The Current State of Franchising in the U.S.

IS IT THE RIGHT TIME TO LEARN HOW TO FRANCHISE YOUR BUSINESS?

Due to the challenged world economic state, companies are looking for expansion alternatives that require less capital. This is typical of an economic downturn, though is more significant this time around. Ironically, this presents a very unique opportunity for a franchise distribution model. Economic downturns have traditionally been the greatest periods in history in terms of entrepreneurial activity. When people are out of work, or under-employed, the entrepreneurial “juices” begin to flow more rapidly and new businesses are spawned at record rates. This opportunity allows entrepreneurs to move into those spaces that are left vacant in each industry due to the fact that existing companies are out of business, going out of business, or frozen at the switch and are not thinking about growth. Entrepreneurs willing to embrace new ideas are often able to continue to push forward and grow by creating new market niches.

A study was conducted by PricewaterhouseCooper in 2005 to examine the economic impact of franchising in the United States. At that time, there were 909,253 establishments in franchise systems opened and operating. These businesses directly provided 11 million jobs, an annual payroll of $278.6 billion and an output worth $880.9 billion. Franchised businesses provided more jobs in the United States in 2005 than the manufacturers of durable goods by 2.1 million jobs. Don Boroian, Founder and Chairman of Francorp, Inc. said, “The current economic environment is an extremely fertile field for companies to expand by utilizing franchising.”
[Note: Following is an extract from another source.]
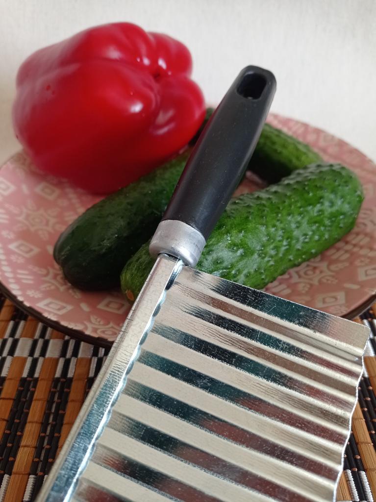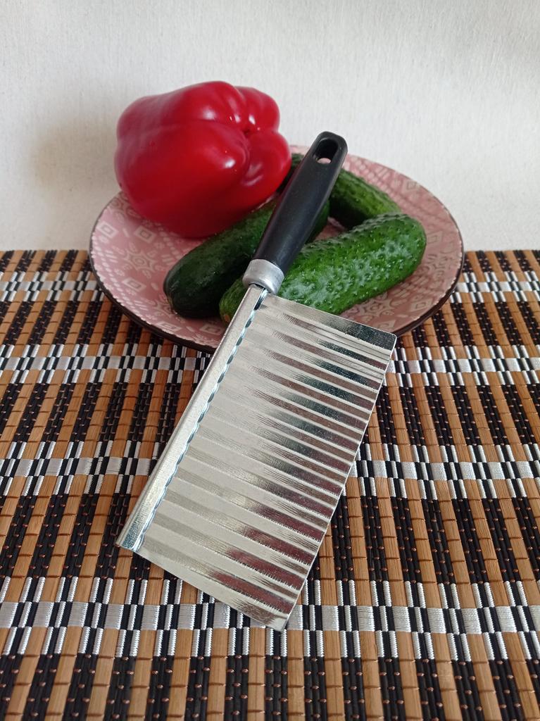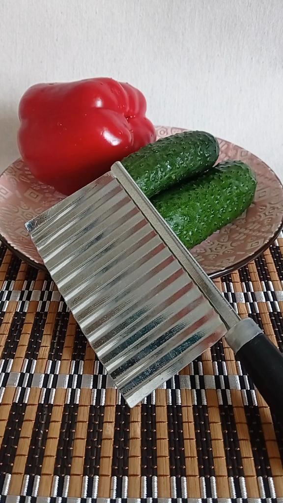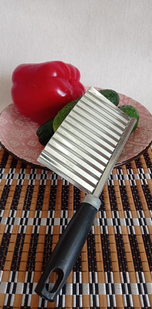 Bølget kniv (skjærer)🔪🍠 fra MYVIT-butikken. Selve kniven er laget av metall, knivskaftet er laget av plast. Vil du overraske gjestene dine med utsøkt dekorasjon av retter og original presentasjon? Da vil denne kniven hjelpe deg. Med denne kniven kan du enkelt og uanstrengt kutte grønnsaker og frukt i vakre jevne bølger. Kniven egner seg også til ost, gelé og deig. Hvis familien din elsker stekte poteter, kan du med denne kniven legge til et snev av originalitet til en vanlig rett 😉 Bra kniv, jeg likte den. Jeg legger til nok bilder + videoer for å gjøre det lettere for deg å bestemme 📸🎥 Hvis informasjonen var nyttig, sett den som en favoritt ❤️❤️❤️ Jeg mottok produktet på 24 dager i en kombinert pakke 🚚 Banen ble sporet i sin helhet. Ankomsten til utleveringsstedet ble varslet på sms 📲. Emballasje: boblepose og individuell emballasje. Produktet er fri for feil og mangler, uten fremmed lukt. God handel og rask levering til alle 🛍️☺️🚀🌼 Komfort og velvære til deg og dine familier 🏡❤️.

Furthermore, given that technology has finally started to catch up to the innovative ideas that were invented years ago, it is far more efficient to provide guidance and support to franchisees. In fact, this technology opens the door for lower volume businesses to franchise. In the old days, if there wasn’t enough revenue in the core business to create a sizable royalty payment to cover monthly site visits plus a profit then the business simply was not franchisable. Now, even smaller businesses with lower volume can consider franchising. Businesses like these, often home based service businesses, seem to be the hottest segment currently in franchising. They typically offer a lower investment opportunity than traditional brick and mortar franchises, ramp up more quickly, can be monitored remotely by tracking information online, and do not require large bank loans, thus have more limited risk.